PROBLEM DETAILS: Set every record down again exactly. Do not carry over the pictures.

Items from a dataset
■ ■ ■ ■ ■
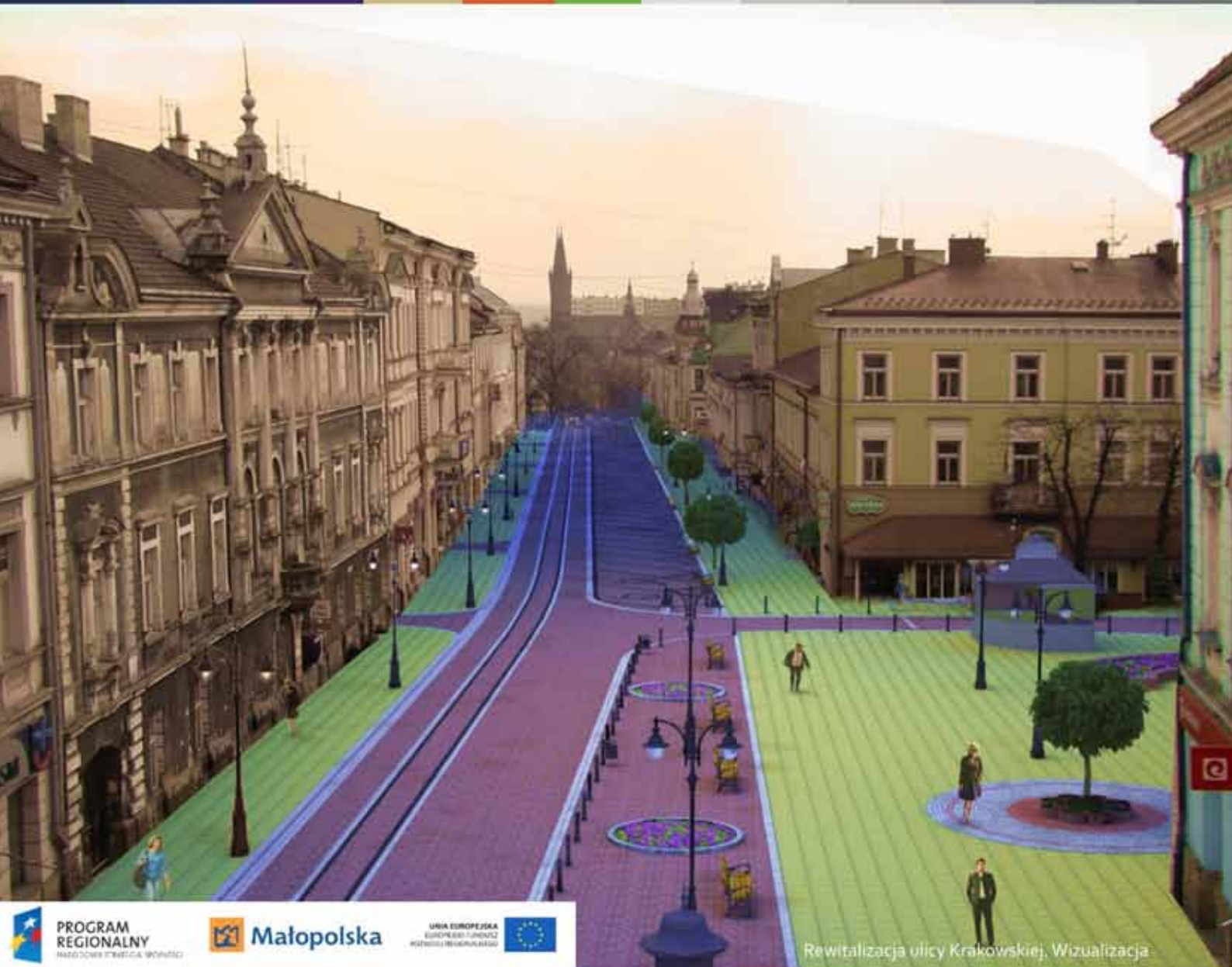
Rewitalizacja ulicy Krakowskiej. Wizualizacja
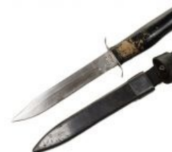
Младший брат и, по совместительству, убийца меча.
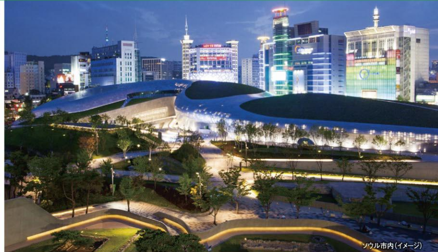
ソウル市内(イメージ)
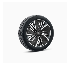
Neptun 20" antracitové s aero krytmí
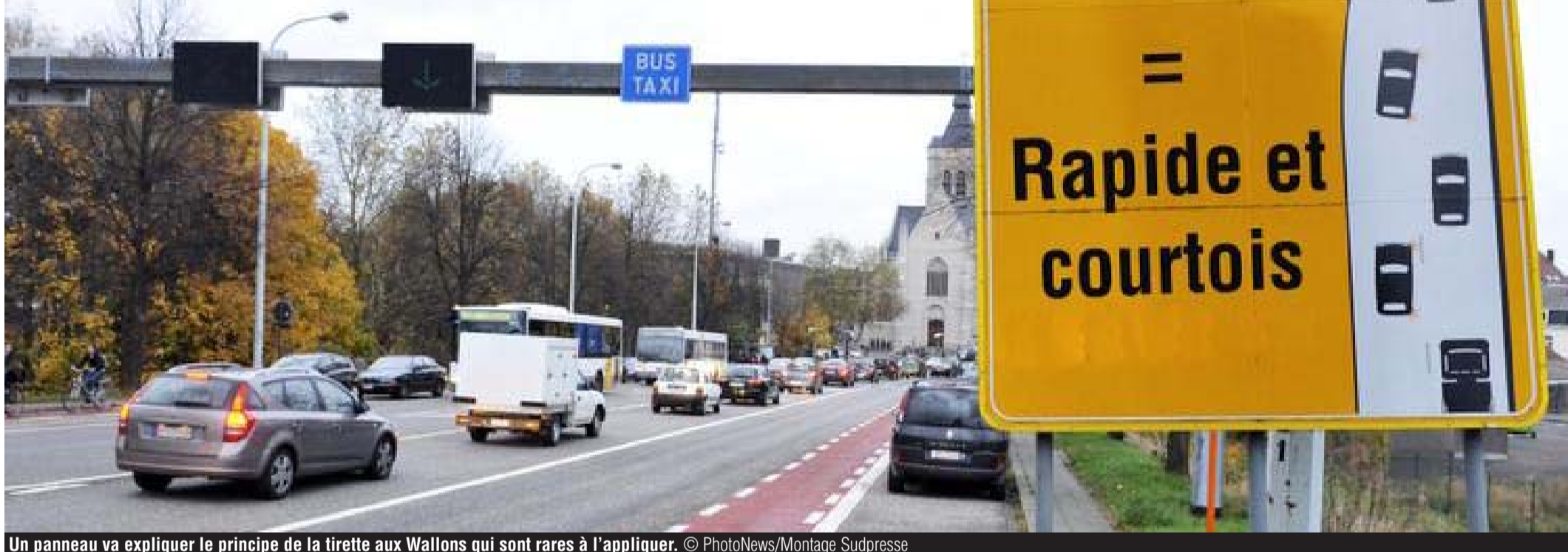
Un panneau va expliquer le principe de la tirette aux Wallons qui sont rares à l'appliquer.
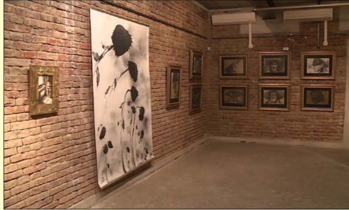
Újra látogathatók a múzeum kiállításai

A járvány miatt hozott jogszabályok enyhítésének köszönhetően június 18-a után megnyithattak a kulturális intézmények közösségi terei. A Csabagyöngye Kulturális Központ már az új szabályozás megjelenését követő reggelen kitarja kapuit, majd a Békés Megyei Könyvtár, a Békéscsabai Jókai Színház és a Munkácsy Mihály Múzeum is élt ezzel a lehetőséggel.
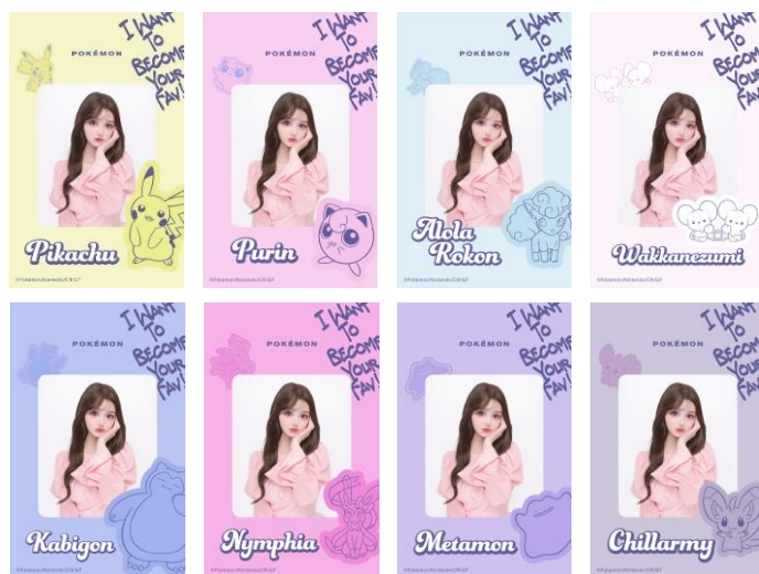
タテ画角のデザイン全 8 種類
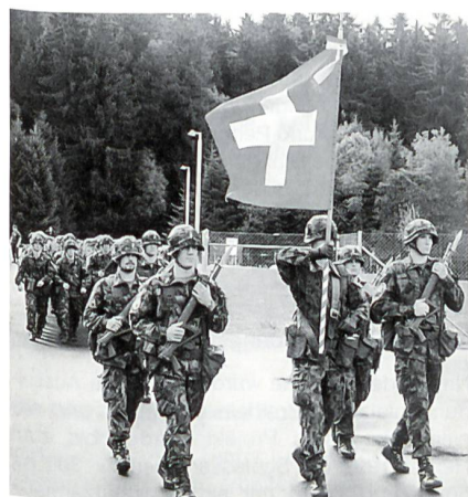
Einmarsch der Ehrenkompanie.

Die Ausbildungsinfrastruktur auf dem neuen Waffenplatz sei modern und trage den Ausbildungsbedürfnissen der Kampffüsiliere optimal Rechnung. Zum Erfolg tragen die Anlagen, Simulatoren, Monitoren und PCs bei. Entscheidend sei aber nach wie vor, dass die Ausbildungsführung und Methodik auch in
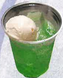
各種フロート 650 円
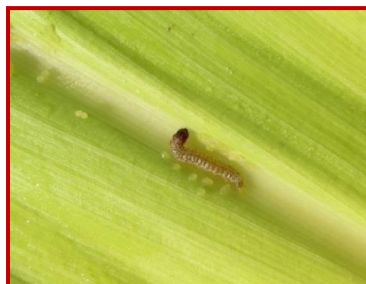
Larva de Ostrinia nubilalis
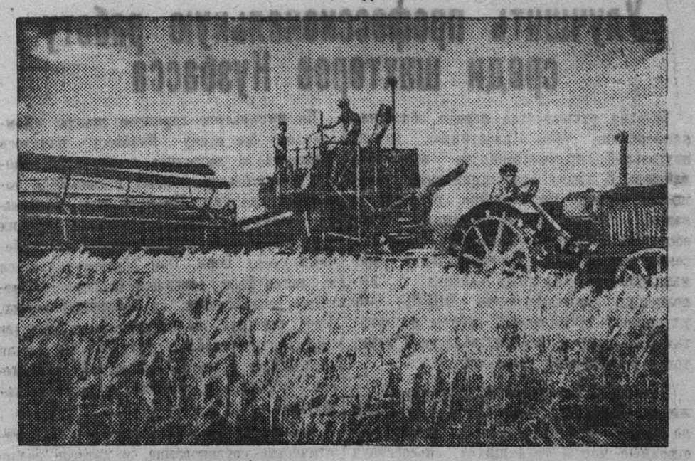
Туркменская ССР. В Ашхабадской и Марынской областях развернулась массовая уборка ячменя. На уборку обильного урожая вышли комбайны.
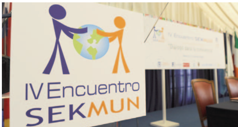
IV Encuentro SEKMUN.

Las Delegaciones estarán integradas por dos delegados en cada uno de los siguientes Comités: Asamblea General, Consejo de Seguridad, Ecosoc, Junta Ejecutiva de Unicef, Consejo de Derechos Humanos y Consejo Ejecutivo de UNESCO.
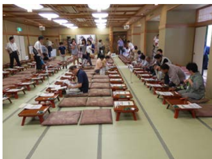
全体会が行われた大広間
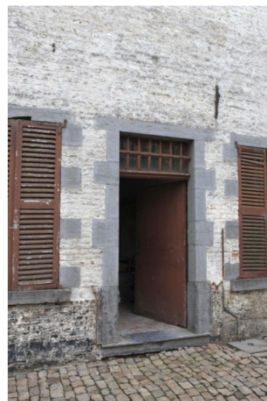
Détail de la porte d'entrée du logis.
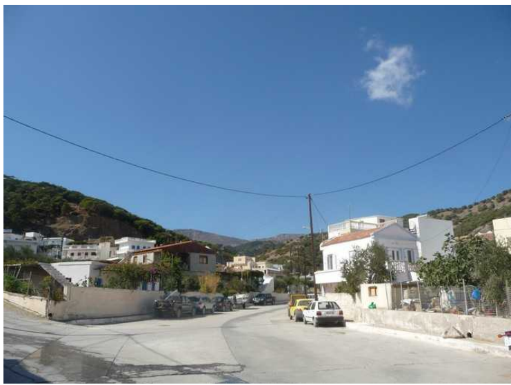
Dette er veien tilbake. Veien opp til venstre går mot Olympos.
■ ■ ■ ■ ■
RESULT FOR THIS EXERCISE:
Rewitalizacja ulicy Krakowskiej. Wizualizacja
Младший брат и, по совместительству, убийца меча.
ソウル市内(イメージ)
Neptun 20" antracitové s aero krytmí
Un panneau va expliquer le principe de la tirette aux Wallons qui sont rares à l'appliquer.
Újra látogathatók a múzeum kiállításai

A járvány miatt hozott jogszabályok enyhítésének köszönhetően június 18-a után megnyithattak a kulturális intézmények közösségi terei. A Csabagyöngye Kulturális Központ már az új szabályozás megjelenését követő reggelen kitarja kapuit, majd a Békés Megyei Könyvtár, a Békéscsabai Jókai Színház és a Munkácsy Mihály Múzeum is élt ezzel a lehetőséggel.
タテ画角のデザイン全 8 種類
Einmarsch der Ehrenkompanie.

Die Ausbildungsinfrastruktur auf dem neuen Waffenplatz sei modern und trage den Ausbildungsbedürfnissen der Kampffüsiliere optimal Rechnung. Zum Erfolg tragen die Anlagen, Simulatoren, Monitoren und PCs bei. Entscheidend sei aber nach wie vor, dass die Ausbildungsführung und Methodik auch in
各種フロート 650 円
Larva de Ostrinia nubilalis
Туркменская ССР. В Ашхабадской и Марынской областях развернулась массовая уборка ячменя. На уборку обильного урожая вышли комбайны.
IV Encuentro SEKMUN.

Las Delegaciones estarán integradas por dos delegados en cada uno de los siguientes Comités: Asamblea General, Consejo de Seguridad, Ecosoc, Junta Ejecutiva de Unicef, Consejo de Derechos Humanos y Consejo Ejecutivo de UNESCO.
全体会が行われた大広間
Détail de la porte d'entrée du logis.
Dette er veien tilbake. Veien opp til venstre går mot Olympos.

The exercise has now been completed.